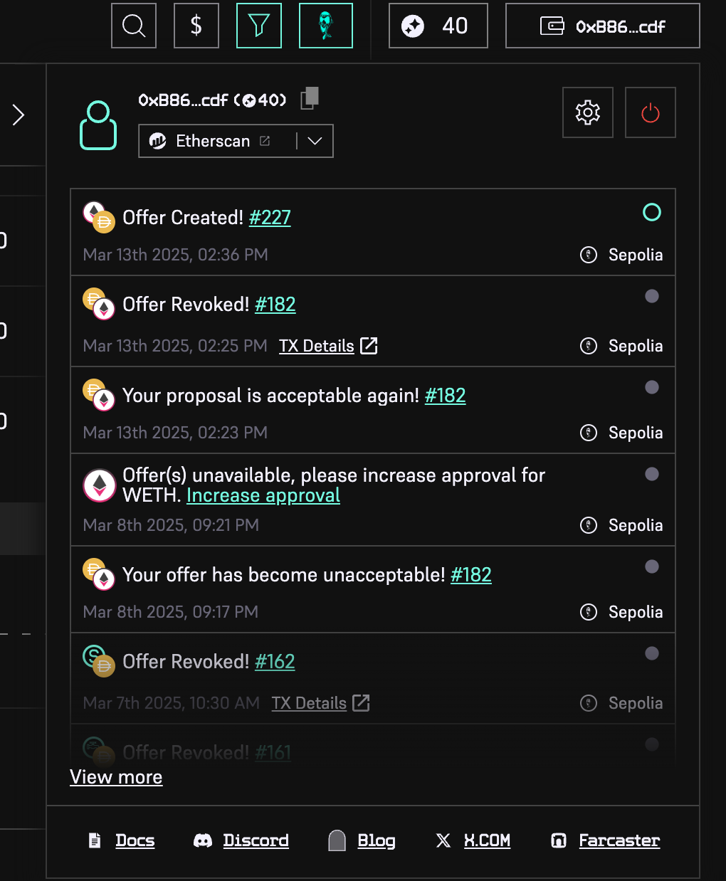 Click on your wallet on the top right corner to open the notification center and review your settings.
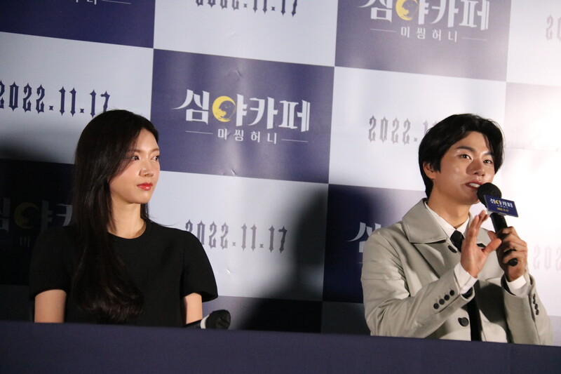 These photos, which are taken by Ra Hwakjin on Nov. 11, show the press conference of romance movie "Cafe Midnight" starring actors Lee Yi-kyung and Chae Seo-jin.
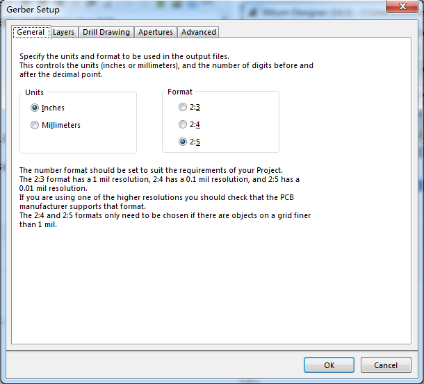 在PCB文件环境中,点击文件->制造输出->Nc Drill Files进行钻孔设置。单位为英寸,格式为2:5,选择“Suppress leading zeroes”。和前面的设置都保持一致,其他选项不变。点击“确认”进行第三次输出,在弹出的“输入钻孔数据”界面点击左键确认输出(.cam可不保存)。
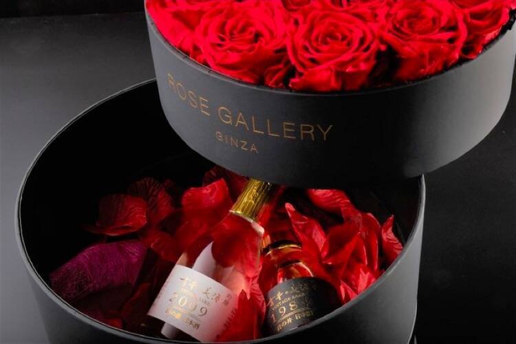 「ローズギャラリー銀座×古昔の美酒」は、日本酒・焼酎・泡盛・梅酒の優れた国産長期熟成古酒を厳選したプレミアムブランド「古昔の美酒(いにしえのびしゅ)」と、JFGが提供する日本初の高級バラ専門ブランド「ROSE GALLERY」をセットにしたクリスマス限定商品。
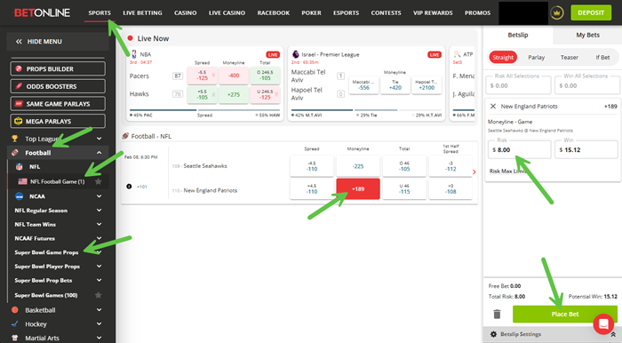 Here’s a screenshot showing you some of the clicks to make. In this example, I’m making a bet on the Patriots to win the game (+189).
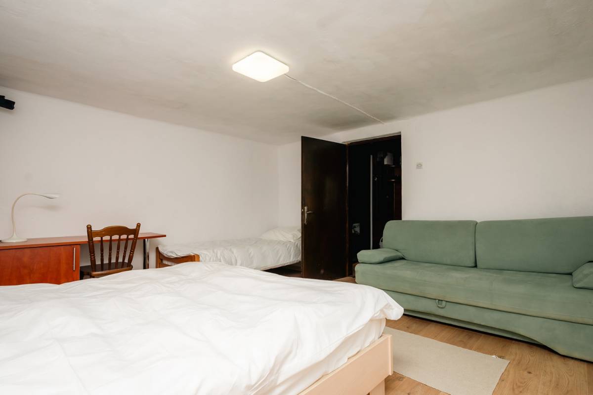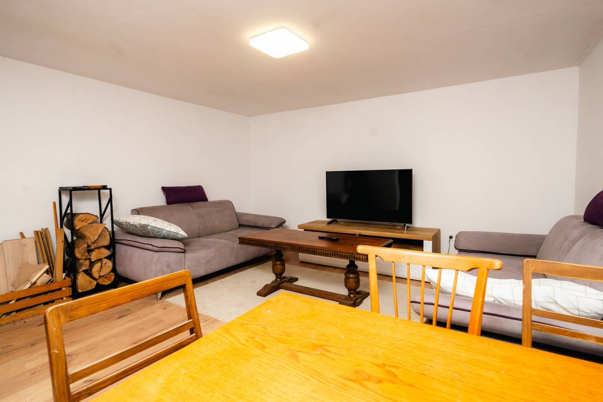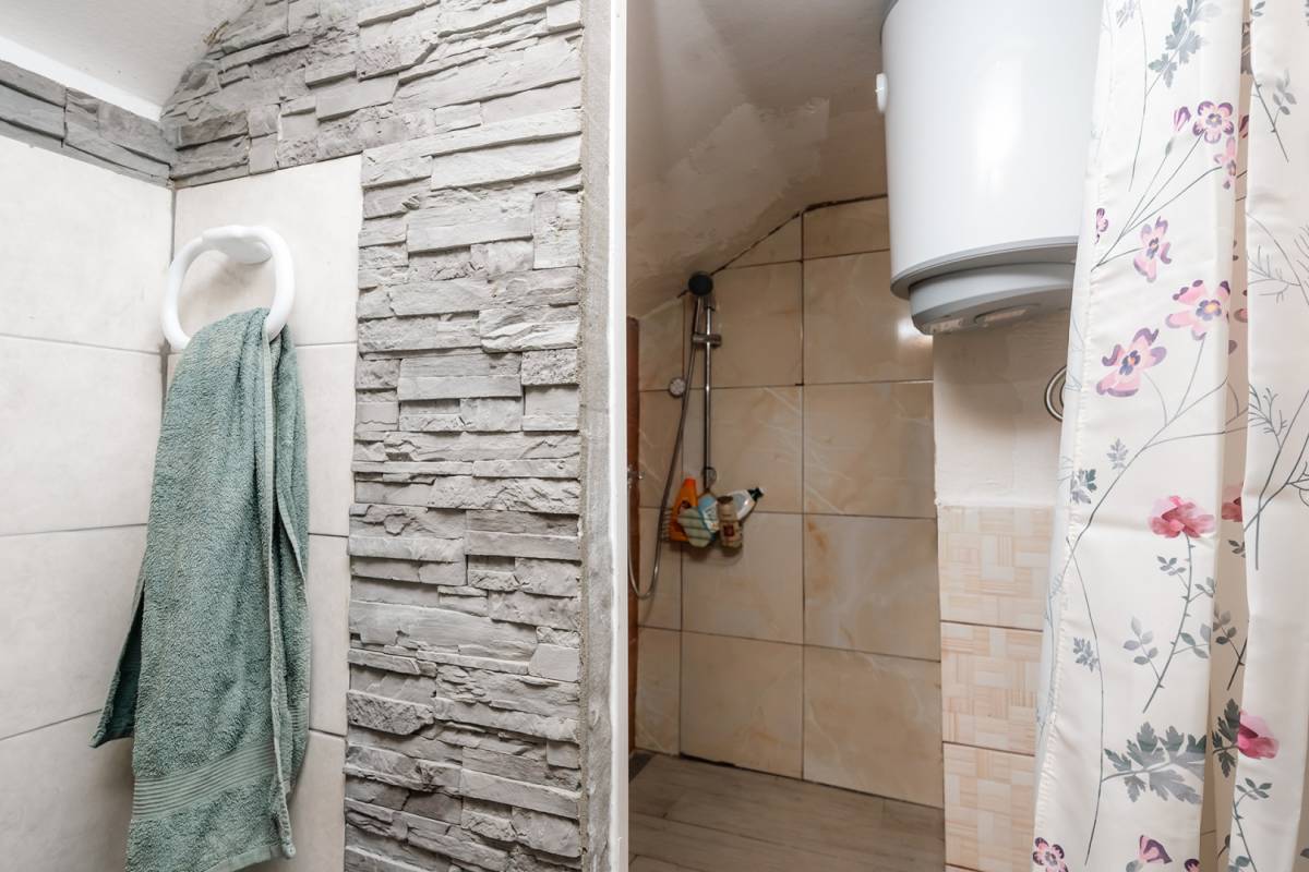 U prizemlju smješten je dnevni boravak povezan s kuhinjom i blagovaonicom, čime se stvara prozračan i funkcionalan prostor za svakodnevni život. Tu su i dvije spavaće sobe, savršene za članove obitelji ili goste.
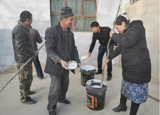 71岁的贫困老人艾麦尔·玉苏甫喜得合不拢嘴,他高兴对我们说:“我们夫妻二人年事已高,唯一的女儿常年不在身边,现在不但住上新房,在工作队、村委会干部、党员的关心照顾下,在百忙当中帮我家粉刷院墙,我要感谢党和政府培养的这些好干部、好党员 ,使我们一家人过上了幸福的生活”。
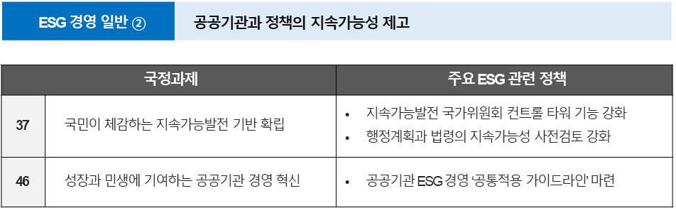 제5차 지속가능발전 국가기본전략(2026년~2045년)이 연내에 확정될 예정입니다. 이 기본전략에는 공공기관의 ESG 경영 가이드라인 등 지속가능성을 원칙으로 하는 공공기관 운영 방안이 포함될 것으로 보이며 그동안 각 기관에서 자율적으로 적용한ESG 경영이 의무로 전환될 가능성이 높습니다. 또한, 정부 정책 전반에 환경∙경제∙사회 영향 평가 등 지속가능성 평가체계가 구축되고 ESG 경영이 각 공공기관에 내재화될 가능성이 있습니다.

* * *

**DIRECTIONS**
Output each entry exactly. Skip the pictures.

**THE ANSWER**
 Click on your wallet on the top right corner to open the notification center and review your settings.
 These photos, which are taken by Ra Hwakjin on Nov. 11, show the press conference of romance movie "Cafe Midnight" starring actors Lee Yi-kyung and Chae Seo-jin.
 在PCB文件环境中,点击文件->制造输出->Nc Drill Files进行钻孔设置。单位为英寸,格式为2:5,选择“Suppress leading zeroes”。和前面的设置都保持一致,其他选项不变。点击“确认”进行第三次输出,在弹出的“输入钻孔数据”界面点击左键确认输出(.cam可不保存)。
 「ローズギャラリー銀座×古昔の美酒」は、日本酒・焼酎・泡盛・梅酒の優れた国産長期熟成古酒を厳選したプレミアムブランド「古昔の美酒(いにしえのびしゅ)」と、JFGが提供する日本初の高級バラ専門ブランド「ROSE GALLERY」をセットにしたクリスマス限定商品。
 Here’s a screenshot showing you some of the clicks to make. In this example, I’m making a bet on the Patriots to win the game (+189).
 U prizemlju smješten je dnevni boravak povezan s kuhinjom i blagovaonicom, čime se stvara prozračan i funkcionalan prostor za svakodnevni život. Tu su i dvije spavaće sobe, savršene za članove obitelji ili goste.
 71岁的贫困老人艾麦尔·玉苏甫喜得合不拢嘴,他高兴对我们说:“我们夫妻二人年事已高,唯一的女儿常年不在身边,现在不但住上新房,在工作队、村委会干部、党员的关心照顾下,在百忙当中帮我家粉刷院墙,我要感谢党和政府培养的这些好干部、好党员 ,使我们一家人过上了幸福的生活”。
 제5차 지속가능발전 국가기본전략(2026년~2045년)이 연내에 확정될 예정입니다. 이 기본전략에는 공공기관의 ESG 경영 가이드라인 등 지속가능성을 원칙으로 하는 공공기관 운영 방안이 포함될 것으로 보이며 그동안 각 기관에서 자율적으로 적용한ESG 경영이 의무로 전환될 가능성이 높습니다. 또한, 정부 정책 전반에 환경∙경제∙사회 영향 평가 등 지속가능성 평가체계가 구축되고 ESG 경영이 각 공공기관에 내재화될 가능성이 있습니다.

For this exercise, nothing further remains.